Maybe but it is your thread and I could hear ya laughing way up here.................................

Reactions: Agree 1


----------



## SENC (Jan 11, 2015)

Mike1950 said:


> Maybe but it is your thread and I could hear ya laughing way up here.................................


Not I!


----------



## Mike1950 (Jan 11, 2015)

SENC said:


> Not I!


 Pure codswallop!

Reactions: Funny 1


----------



## Tclem (Jan 11, 2015)

@Mike1950 i think that Henry picked that word just so you would be picked on. All retaliation should be directed at him

Reactions: Agree 2


----------



## ripjack13 (Jan 11, 2015)

I think Henry's got a few WotW devoted just for mike....


----------



## Mike1950 (Jan 11, 2015)

Tclem said:


> @Mike1950 i think that Henry picked that word just so you would be picked on. All retaliation should be directed at him



I have a special word for you @Tclem BULLSH!TTTTTTTTTTTTTT Henry will get his but you are definitely on the short list..........................

Reactions: Like 1 | Funny 2


----------



## Kevin (Jan 11, 2015)

Someone hacked my account and was posting as me for a while.
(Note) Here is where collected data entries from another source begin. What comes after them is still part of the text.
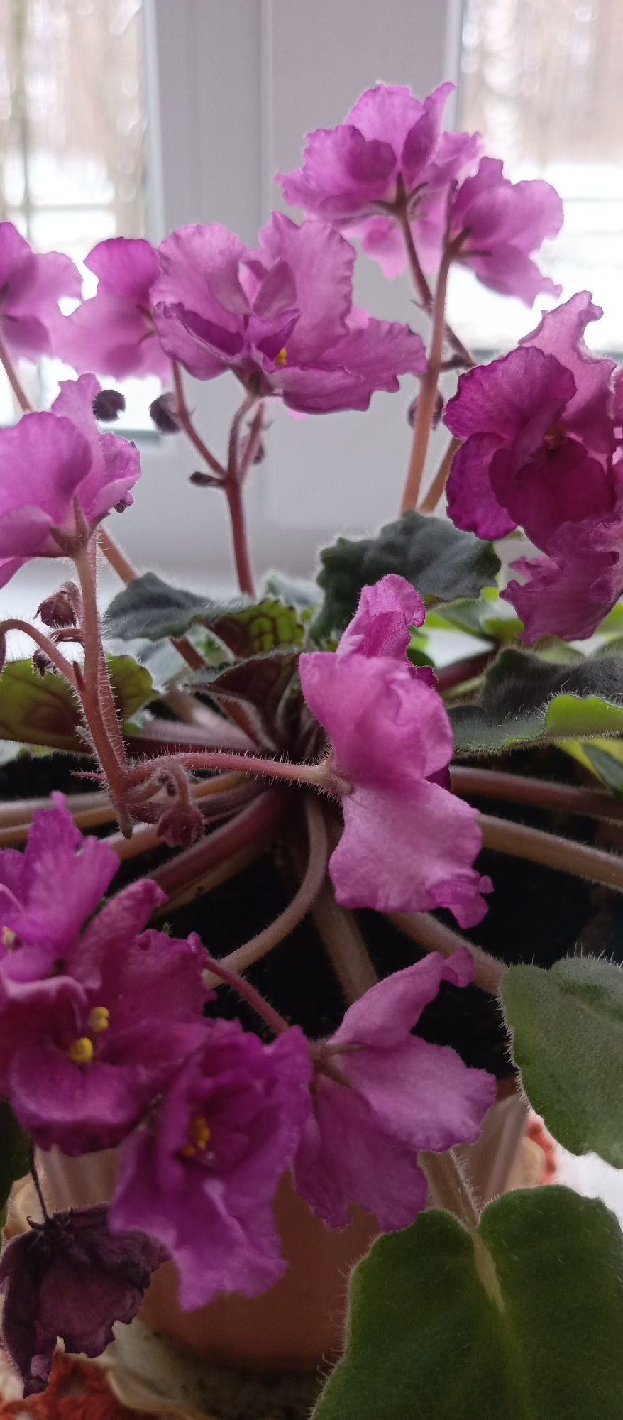 A close-up photograph shows a flowering African violet plant in a pot. The plant has vibrant pink-purple flowers with yellow centers. The leaves are a dark green and have a fuzzy texture. The stems ar…read more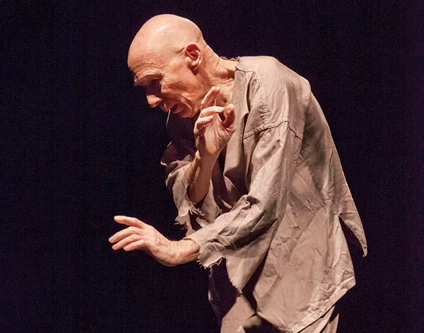 Thompson is well known on local stages, and his résumé in mime and movement theater reaches to Broadway and Europe. He’s a wonderfully expressive performer; at times, evoking pain on stage, he can seem to shrink before your eyes. Mason matches him with a vocabulary drawn more from contemporary dance. The cast is completed by Alexandra Bodnarchuk, who embodies the menacing (but also unnervingly sensual) predator, and Ryan Bergman, who portrays a third victim. (Bodnarchuk and Bergman also team up for an interpolated commedia dell’arte pantomime about a soldier and a poor man that comments on predation in economic terms.)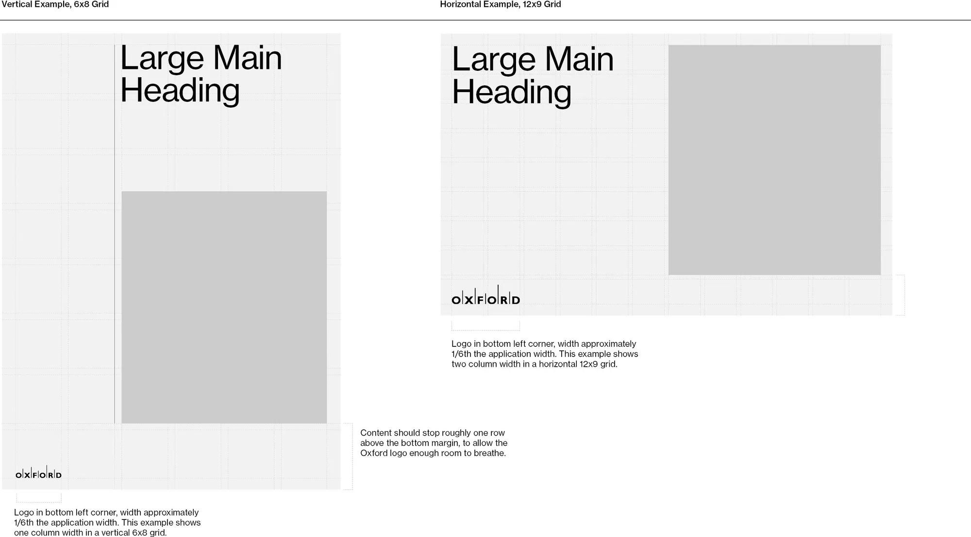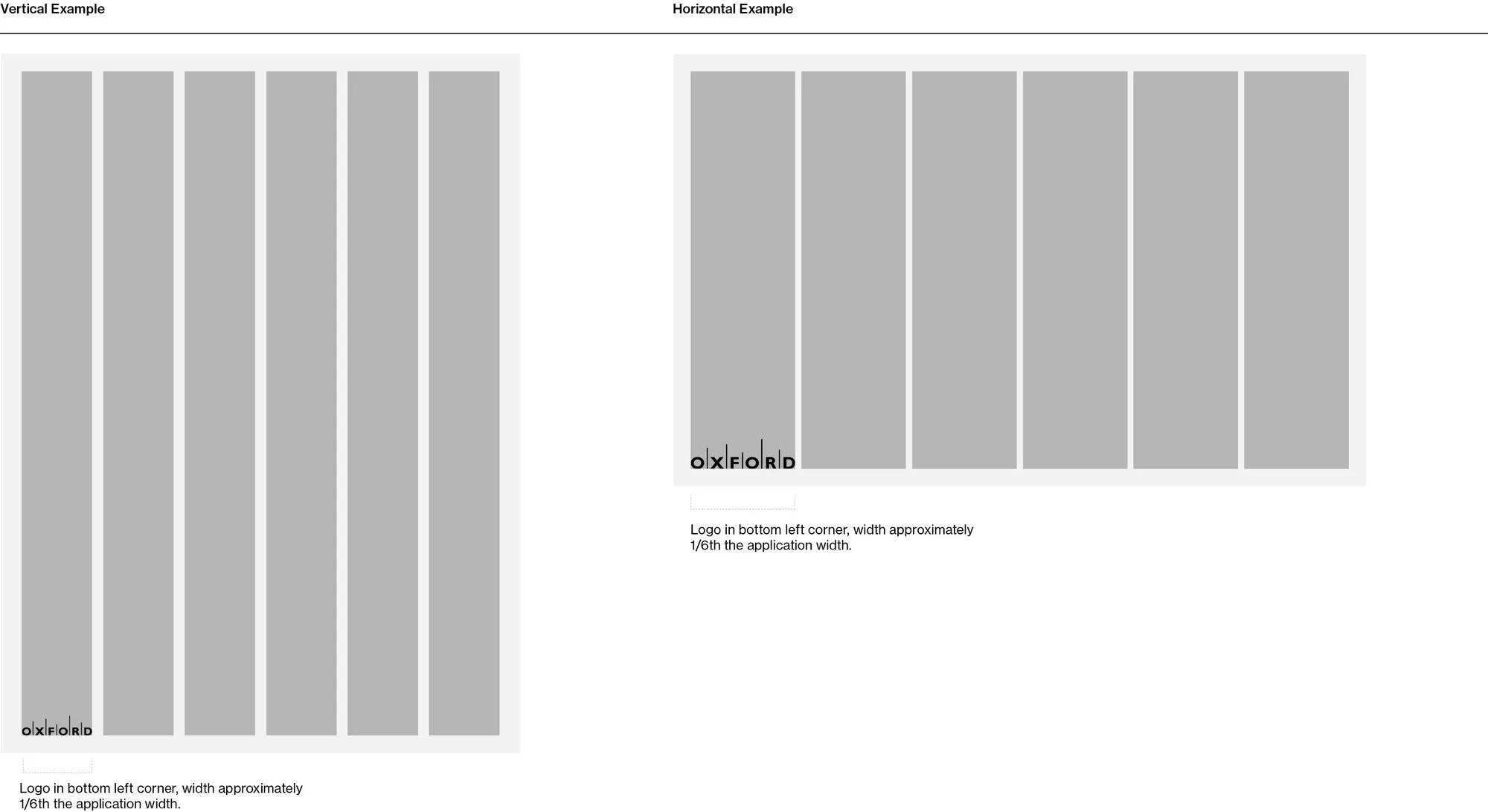 The Oxford logo should always be placed in the bottom left corner of any application. The logo proportions are roughly based on the width of two columns in a 12-column grid, or approximately 1/6 the width of the application.

I was able to wrest my account back and am now posting as normal again.

Hi Mike, how's everything going young man? Nice weather we're having. You are sure looking dapper these days; why, if I didn't know better I'd say you've found the fountain of youth! Pay no mind to the heathen hordes taunting you - I have your back.

Reactions: Agree 1 | Funny 3


----------



## ripjack13 (Jan 11, 2015)

Kevin said:


> Someone hacked my account and was posting as me for a while. I was not able to wrest my account back and am now posting abnormal again.
> 
> Hi Mike, how's everything going young man? Nice weather we're having. You are sure looking dapper these days; why, if I didn't know better I'd say you've found the fountain of youth! Pay no mind to the heathen hordes taunting you - I have your back.


I fixed your post there lil fella...

Reactions: Funny 2


----------



## ripjack13 (Jan 11, 2015)

Mike1950 said:


> I have a special word for you @Tclem BULLSH!TTTTTTTTTTTTTT Henry will get his but you are definitely on the short list..........................



well...at least it's short....


----------



## Tclem (Jan 11, 2015)

Oh well if I can handle Henry surely Mike can't be any worse. Then again he is a Yankee.

Reactions: Funny 1


----------



## SENC (Jan 12, 2015)

Tclem said:


> @Mike1950 i think that Henry picked that word just so you would be picked on. All retaliation should be directed at him





ripjack13 said:


> I think Henry's got a few WotW devoted just for mike....



Now there are 2 great examples of codswallop. 

I'm trying to educate here and these 2 jokers are trying to make me look bad. Glad you can see through their charades, Mike.

Reactions: Like 1 | Funny 2


----------



## Tclem (Jan 12, 2015)

SENC said:


> Now there are 2 great examples of codswallop.
> 
> I'm trying to educate here and these 2 jokers are trying to make me look bad. Glad you can see through their charades, Mike.


It's bees whrking 2 he ries. Eyes getten edumacated every days


----------